This post was originally published here
My journey on learning to build a simple OS
How many times have you read an OS book but not been able to code one?Operating System (OS) books are tedious, but only theory makes it hard to understand how an OS actually works. Here is my attempt to write a simple OS and document some of the concepts learned.
Before You Start
On a mac, install Homebrew and then brew install qemu nasm
On some systems qemu is split into multiple binaries. You may want to call qemu-system-x86_64 binfile
For testing these low-level programs without continuously having to reboot a machine or risk scrubbing your important data off a disk, we will use a CPU emulator QEmu.
I'm working on a Mac (with M1 chip). QEmu has some issues with M1 chip, so you can run these experiements inside a docker container.
docker run -it ubuntu bash.
Run QEmu with -nographic and -curses arguments inside docker container to display the VGA output when in text mode
NASM is an assembler and disassembler for the Intel x86 architecture. It can be used to write 16-bit, 32-bit (IA-32) and 64-bit (x86-64) programs.

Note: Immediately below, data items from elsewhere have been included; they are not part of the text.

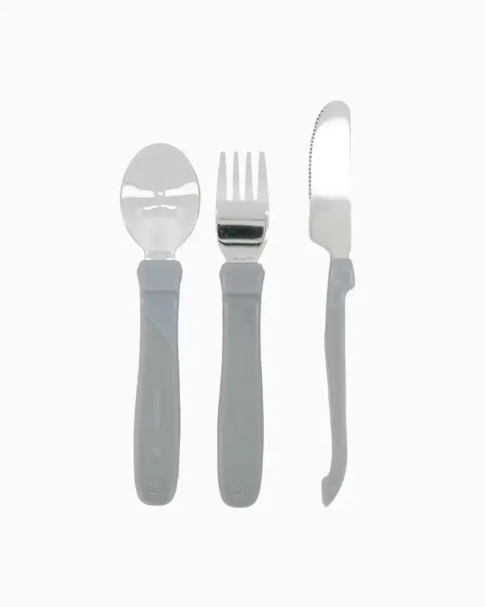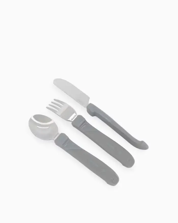 Twistshake metāla galda piederumi ir īpaši izstrādāti, lai palīdzētu bērniem apgūt patstāvīgu ēšanu. Komplektā ietilpst dakša, nazis un karote ar ērtiem neslīdošiem rokturiem un drošu, bērniem piemērotu dizainu.
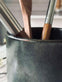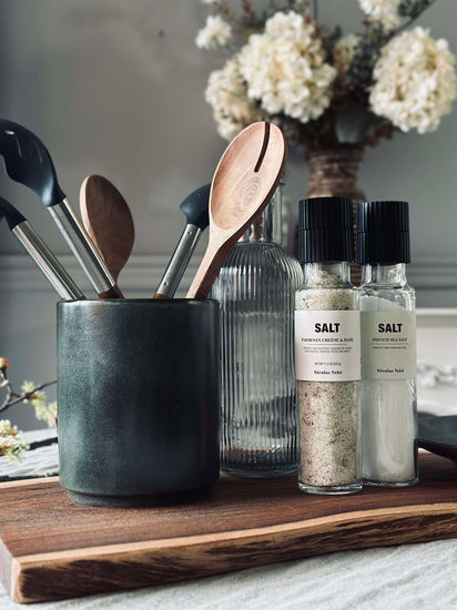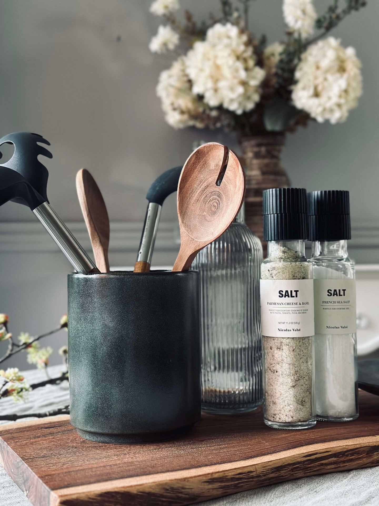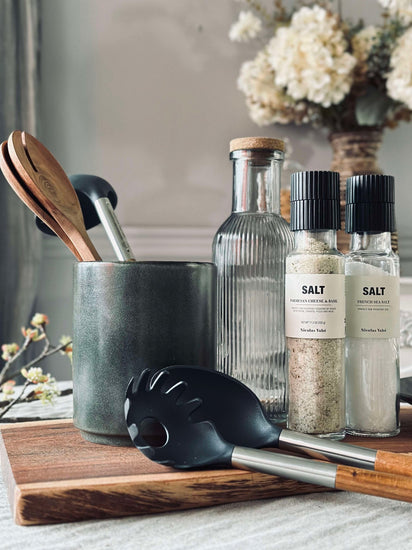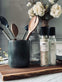 Har du tröttnat på oorganiserade köksredskap? Denna stilrena kruka i grå stengods ger en enkel lösning för att samla dina verktyg på ett ställe. Dess robusta material och subtila design kompletterar ditt kök, samtidigt som den är praktisk och hållbar.
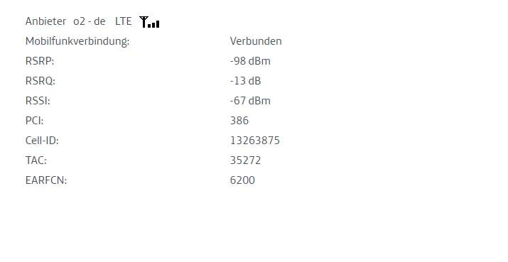 Die Empfangswerte sind nicht gerade optimal, und daher sollte es das Ziel sein, diese vielleicht erstmal zu verbessern, so dass eine stabile Verbindung und höhere Downloadraten möglich werden. Hast du Sichtkontakt zur Basisstation an der genannten Adresse?
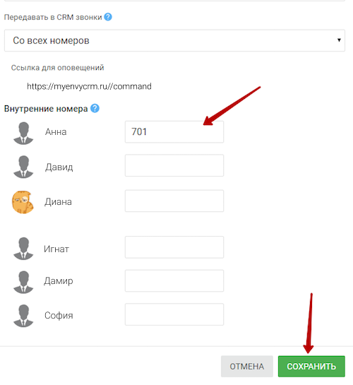 Вернитесь в настройки CRM-системы, укажите внутренние номера сотрудников и нажмите кнопку «Сохранить». На этом интеграция с Виртуальной АТС будет завершена.
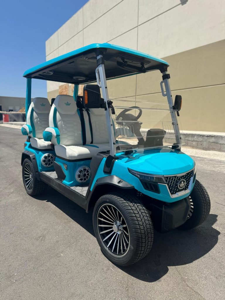 Arriving Soon! Fully loaded Portimao Blue body Luxury upholstery in Ocean Wave Blue 160 AH Lithium Battery Motor: 6.3kw Multifunctional dash with: 10.1″ – inch display: reverse camera and Bluetooth with color changing soundbar, 4 body-mounted speakers & 4 roof mounted speaker sound system Built in dash refrigerator Dual wireless mobile phone charging Rear foldable […]
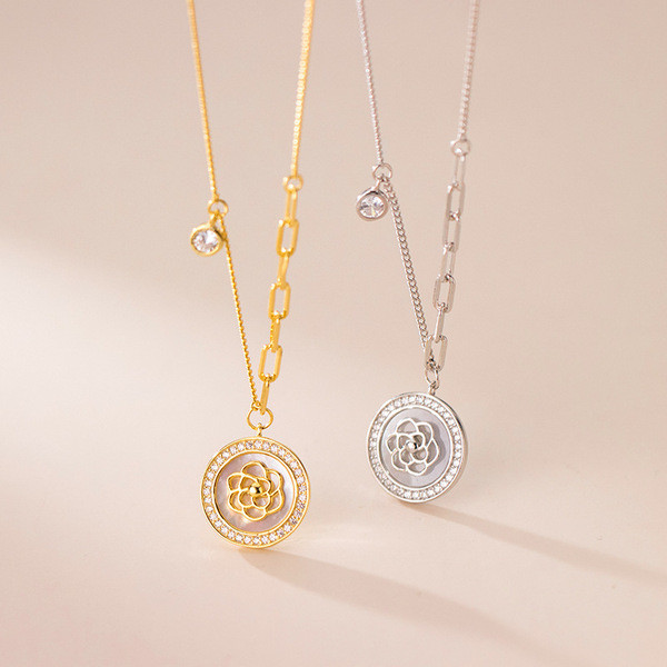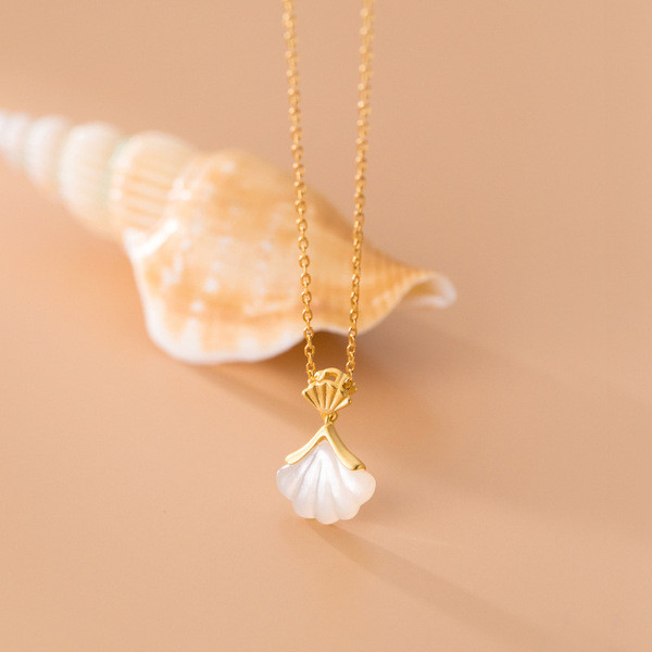 s925 sterling silver chic rhinestone shell fanshape fashion sweet necklace
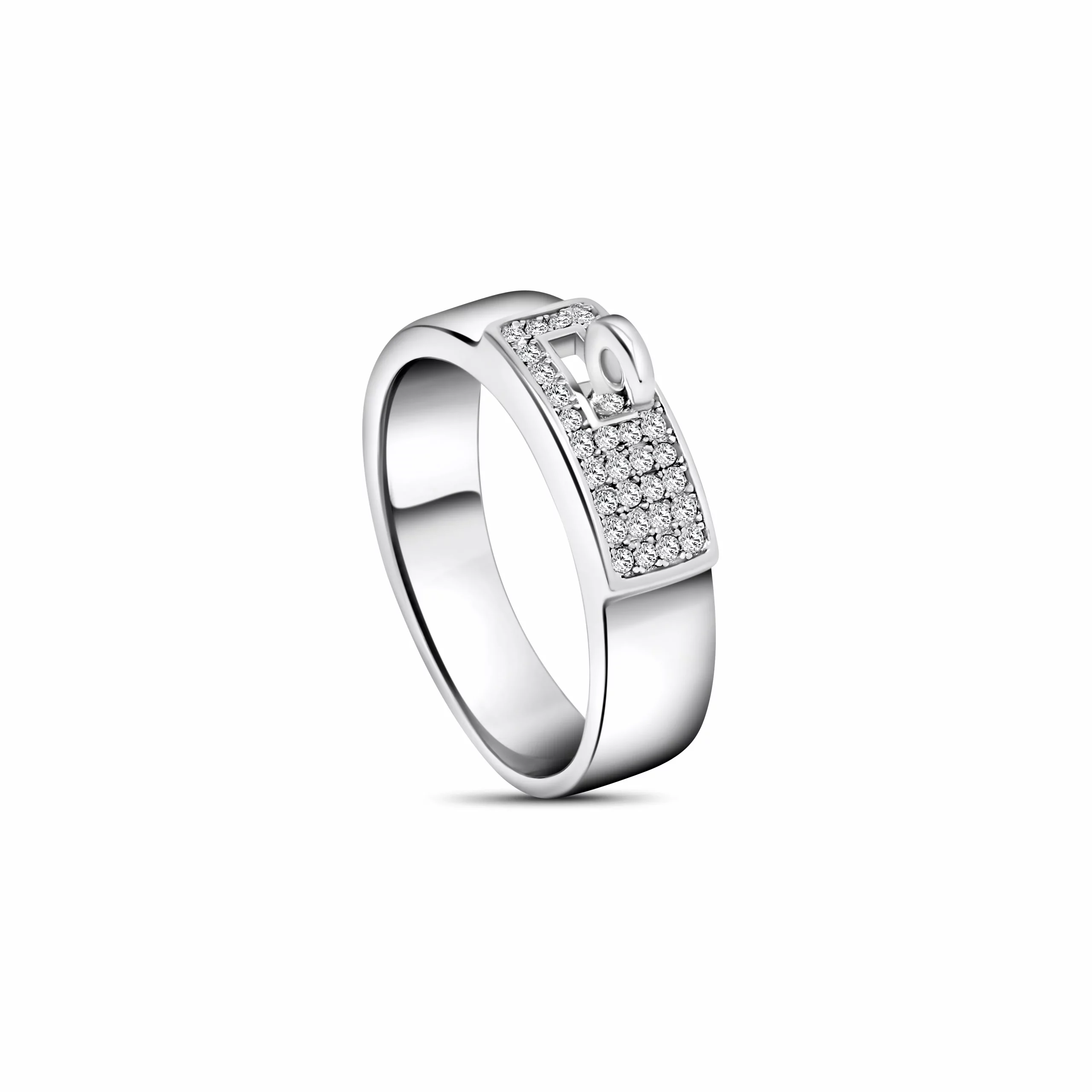 The Sterline Buckle Band Ring is a bold, contemporary twist on a classic motif. Crafted in hallmarked 925 sterling silver, this sleek design features a sculpted buckle detail accented by a fully pave set panel of brilliant cubic zirconia for eye catching sparkle. Symbolising strength, connection and modern luxury, it’s perfect for daily wear or statement gifting.
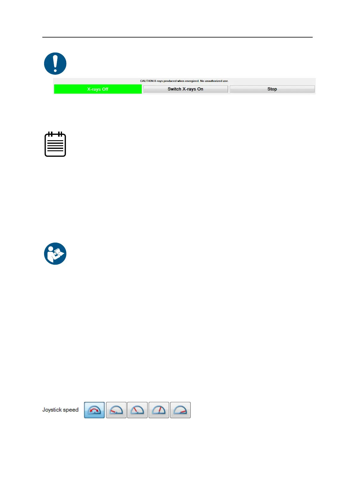 • Switch X-rays on and off (on page 33)
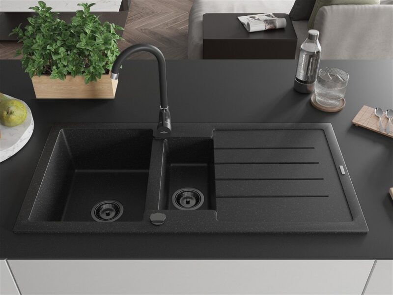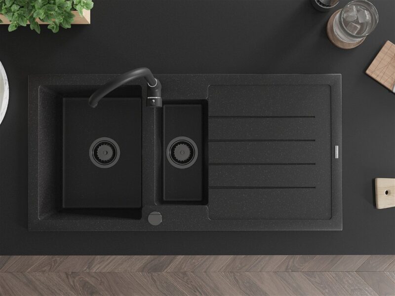 MEXEN/S MEXEN/S – Andres granitový drez s odkvapkávačom 1000 x 500 mm čierna/strieborná metalik čierny sifón 6515101510-73-B
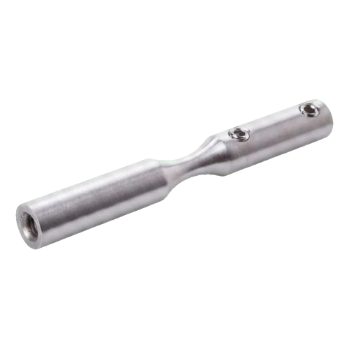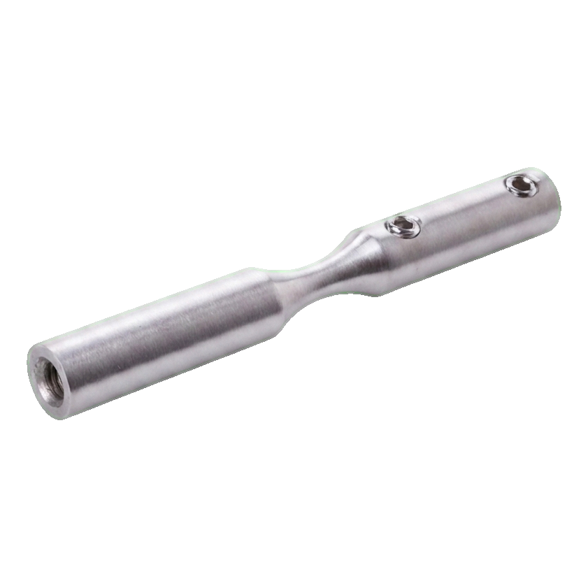 Het element gemaakt van roestvast staal AISI 304 in satijn afwerking zorgt voor hoge corrosieweerstand en een esthetisch, gedempte uitstraling. Montage gebeurt door inschroeven — de beugel is voorzien van M6 schroefdraad en blokkeergaten (Ø6 mm), wat een stabiele en duurzame verbinding met de kabel en draagconstructie garandeert.
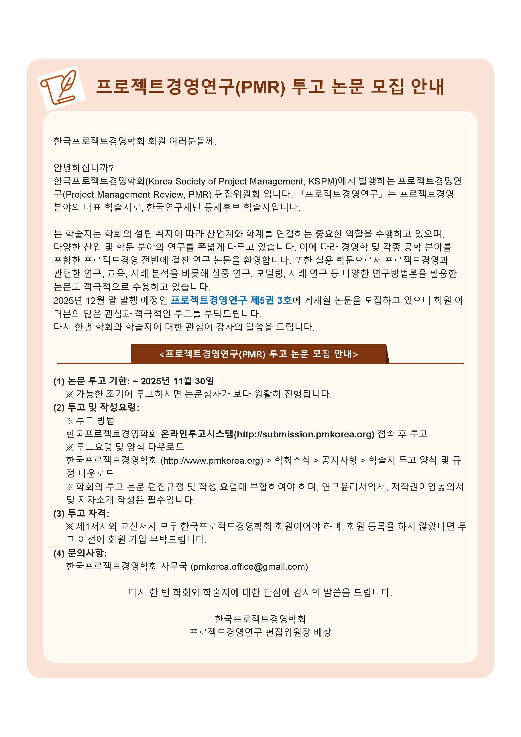 | 프로젝트경영연구 5권 3호 논문 모집 | |

When we start our computer, initially, it has no notion of an operating system. Somehow, it must load the operating system --- whatever variant that may be --- from some permanent storage device that is currently attached to the computer (e.g. a floppy disk, a hard disk, a USB dongle, etc.).
The Boot Process
Booting an operating system consists of transferring control along a chain of small programs, each one more “powerful” than the previous one, where the operating system is the last “program”.
When the PC is turned on, the computer will start a small program that adheres to the Basic Input Output System (BIOS)  standard. This program is usually stored on a read only memory chip on the motherboard of the PC. BIOS is a collection of software routines that are initially loaded from a chip into memory and initialised when the computer is switched on. BIOS provides auto-detection and basic control of your computer’s essential devices, such as the screen, keyboard, and hard disks.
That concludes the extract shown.